Une acceptation de l’initiative ne concernerait pas uniquement les grandes entreprises, comme les initiants l’affirment. Pour la conseillère aux États PDC Andrea Gmür : « Les répercussions frapperaient d’innombrables entreprises et de petits sous-traitants, alors que 99 % des entreprises prennent déjà aujourd’hui leurs responsabilités ». Et le conseiller national Vincent Maitre de compléter : « Les entreprises qui ont failli à leurs engagements peuvent déjà aujourd’hui être tenues responsables. Il est inéquitable et cela ne fait aucun sens de placer toutes les entreprises sous un soupçon général pour quelques moutons noirs ».

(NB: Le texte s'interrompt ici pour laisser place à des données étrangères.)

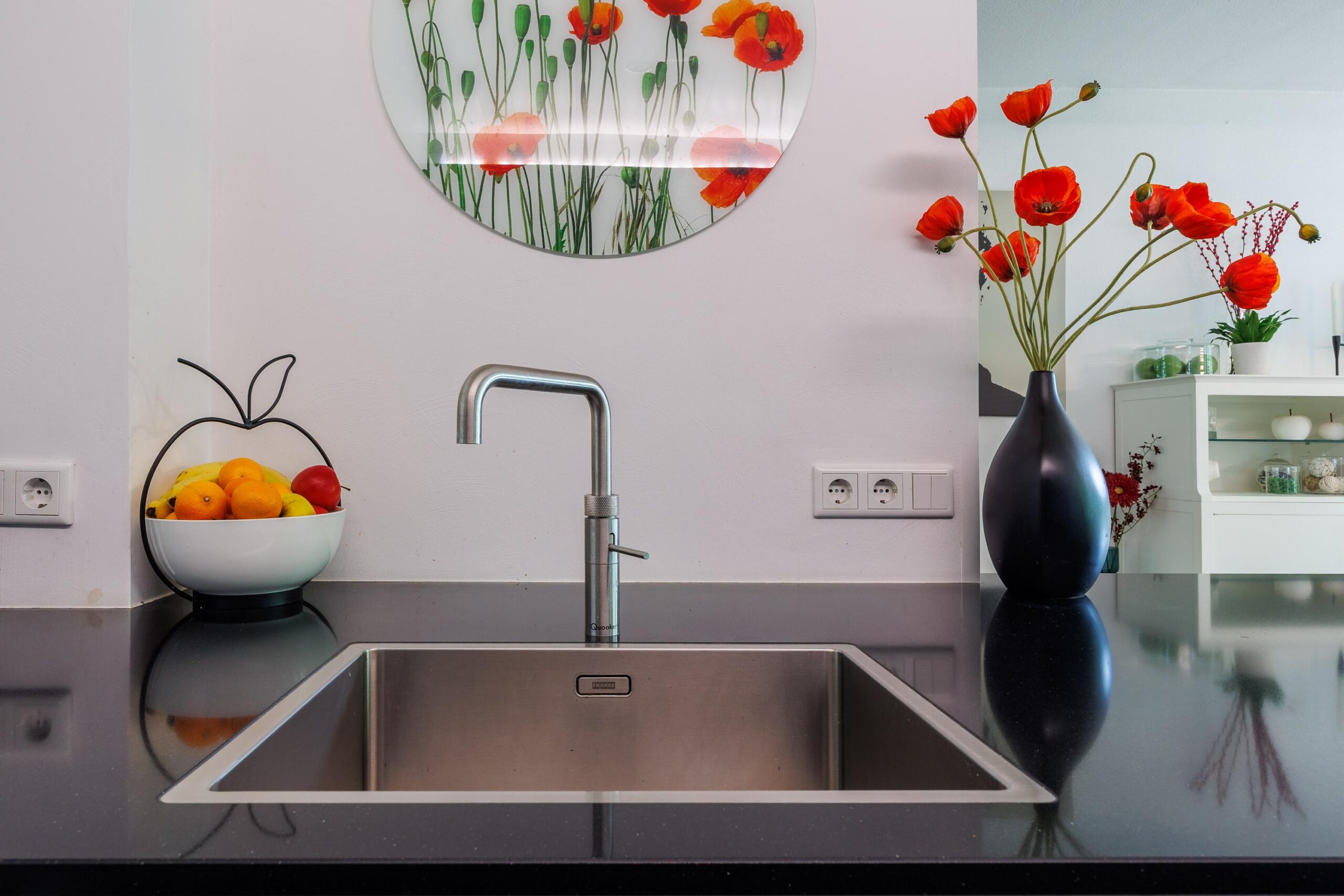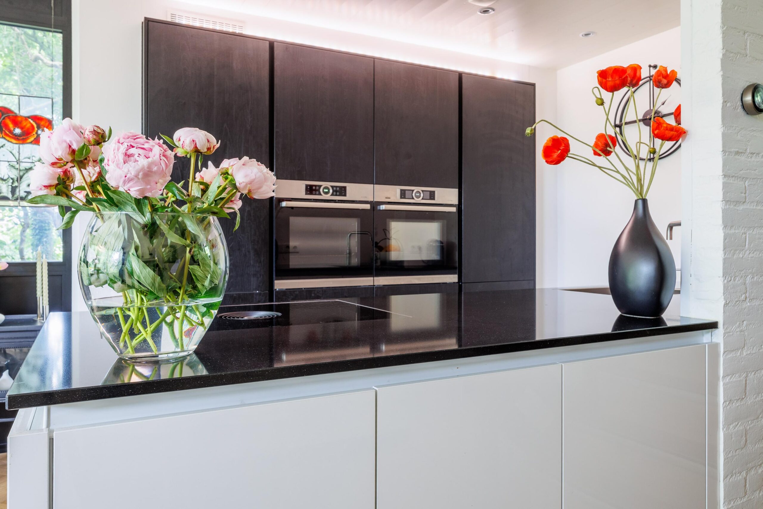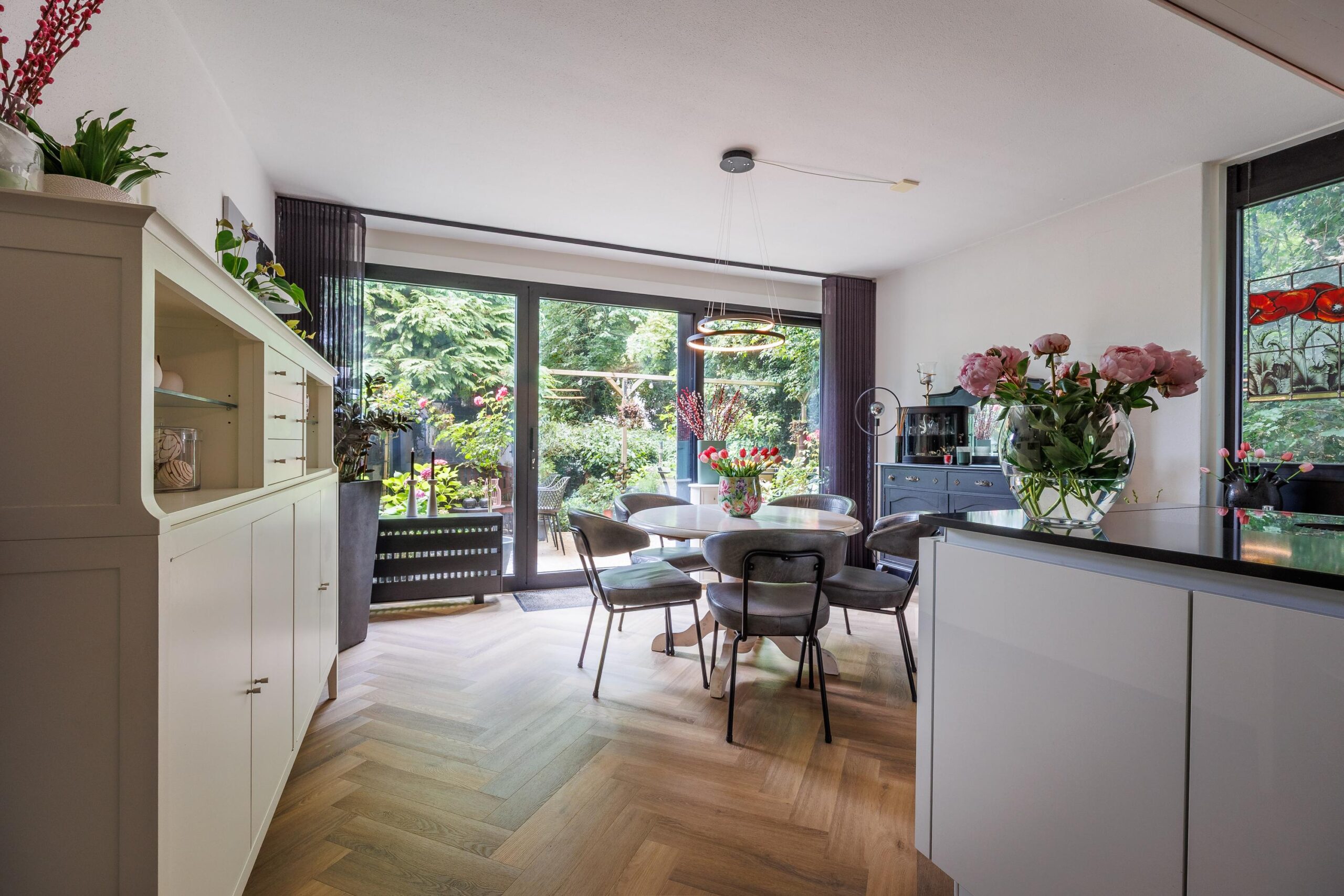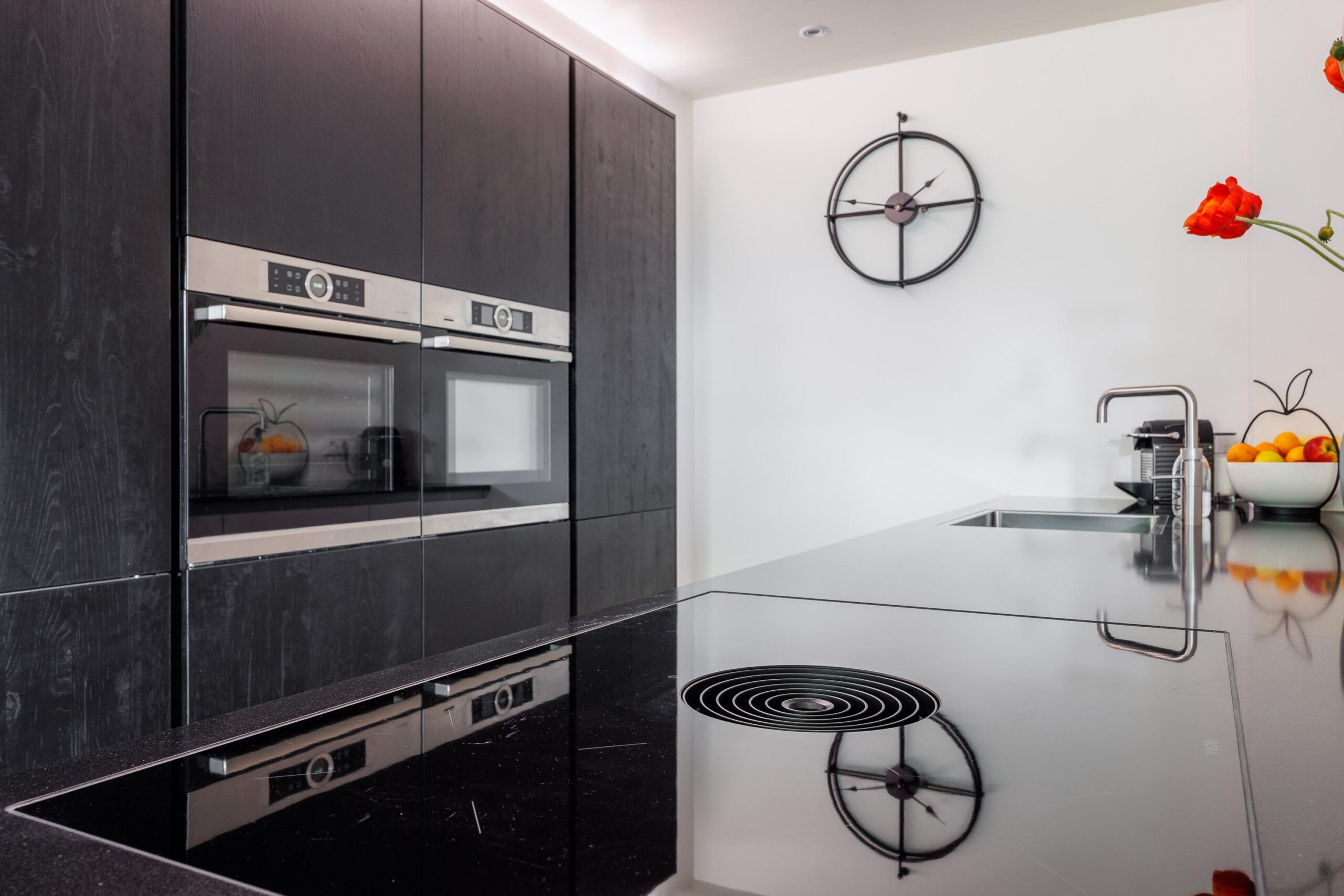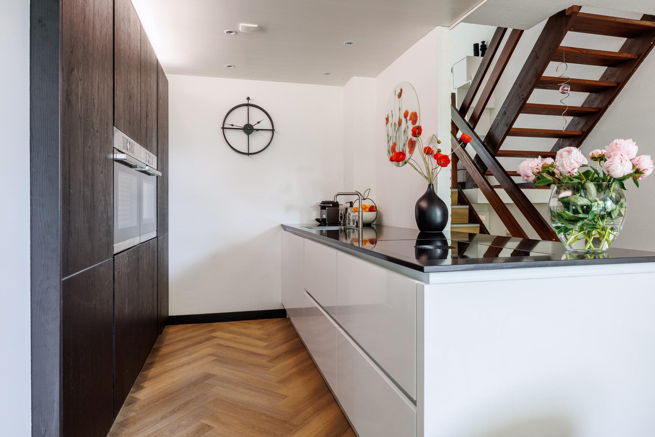 De moderne keukenopstelling (2021) is voorzien van de volgende inbouwapparatuur: BORA inductiekookplaat met downdraft systeem, Quooker, extra grote koelkast, vaatwasser, combioven en een oven.

Une bureaucratie sans fin et un flot de plaintes

L'initiative va bien plus loin que le droit international en vigueur. Elle met en danger la Suisse en tant que place économique. Le renversement du fardeau de la preuve prévu par l'initiative sème le doute sur nos entreprises. Pour le conseiller aux Etats PDC Beat Rieder : « Des actions en justice ne seraient pas seulement engagées pour des motifs respectables, mais aussi pour des raisons économiques, pour fragiliser la concurrence – en particulier les PME ». Une acceptation de cette initiative créerait une bureaucratie sans fin et engendrerait un flot de poursuites judiciaires. Et d’ajouter « Nous nous retrouverions pendant des années dans une impasse, sans que la situation des personnes concernées s’améliore ». 

Le contre-projet est la voie à suivre

L'initiative est une fausse bonne idée. Elle n'améliore pas la situation dans les pays en développement, mais au contraire l'aggrave. Pour le conseiller national Sidney Kamerzin : « Le PDC s’est engagé pour un contre-projet qui reprend les soucis majeurs des initiants et qui est applicable. Il s’inscrit dans le cadre du développement international, crée plus de transparence, génère de l’engagement de la part des entreprises et renonce à la mise en œuvre risquée et sans précédent du principe de responsabilité civile au niveau mondial ». Le contre-projet entrera en vigueur si l’initiative est rejetée. Il apporte une solution rapide. Avec cette solution, la Suisse se situe à un niveau élevé au niveau international. Le contre-projet est la voie à suivre.